On Thursday, 8 August 2013 at 16:05:56 UTC, Nick Sabalausky wrote:
On Thu, 08 Aug 2013 17:20:16 +0200
"Borislav Kosharov" <bo...@gmail.com> wrote:
On Thursday, 8 August 2013 at 10:13:51 UTC, khurshid wrote:
> On Thursday, 8 August 2013 at 10:11:07 UTC, MrSmith wrote:
>> On Thursday, 8 August 2013 at 08:04:49 UTC, khurshid wrote:
>>>
>>> I just check std.json for parsing real numbers.
>>>
>>> import std.json;
>>> import std.stdio: writeln;
>>>
>>> int main()
>>> {
>>> auto json = parseJSON("1 .24E +1");
>>> writeln(toJSON(&json));
>>> return 0;
>>> }
>>>
>>> and
>>> output: 12.4
>>>
>>>
>>> It's bug or normal ?
>>
>> Yep, because 1.24E+1 is 12.4E0
>
> I wrote not a "1.24E+1", a "1 .24E +1" with leading
> spaces.
Well what should it be if it's not 12.4?
A syntax error.
I don't think this would cause any problems. It would just throw
syntax error because there is white-space between?
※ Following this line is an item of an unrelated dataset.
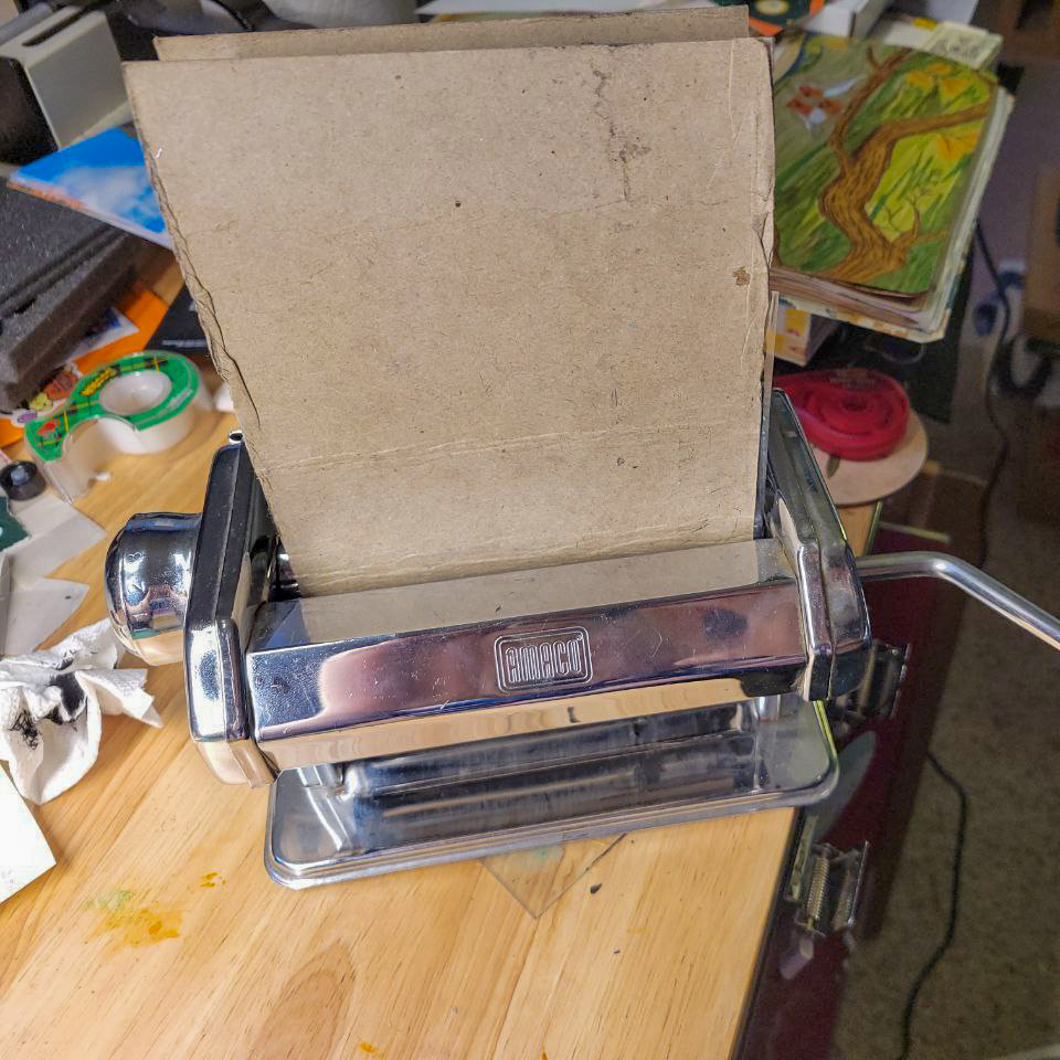 This is a clay roller from decades ago when I thought polymer clay was fun. I swear, I’ve used this thing for everything but clay. It comes in handy. I used bookboard as something stable to press against and, as is visible in the image, the bookboard did not faire well throughout the experiment. It fell apart, crumbled, an eventually split. These were terrible tools for this, and I do not recommend trying it. The clearance beneath the clay roller is only like three inches, and so you either bend the whole thing to get it out or reverse it back up, only pressing three inches. I made it work, but a spoon would have been better.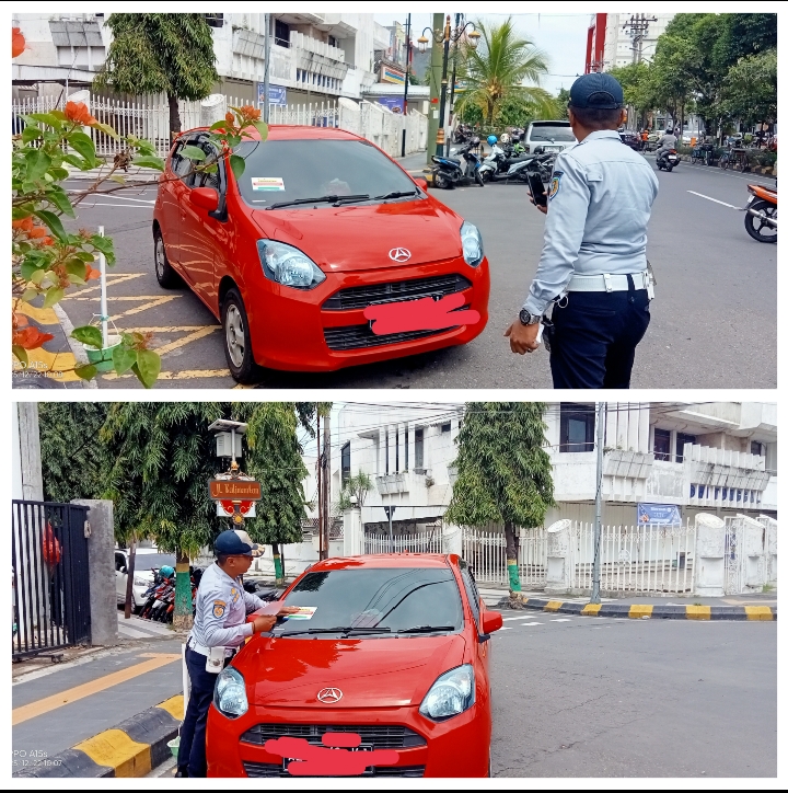 Penertiban dilakukan petugas Dishub dengan menempelkan stiker pelanggaran pada kendaraan.

It would be
just annoying to get syntax error because of extra white-space.
Maybe this is one of the situations where we should think "It's
not a bug, it's a feature!"
Unless there is a situation that would make no sense to work or
something, it should be left like it is now.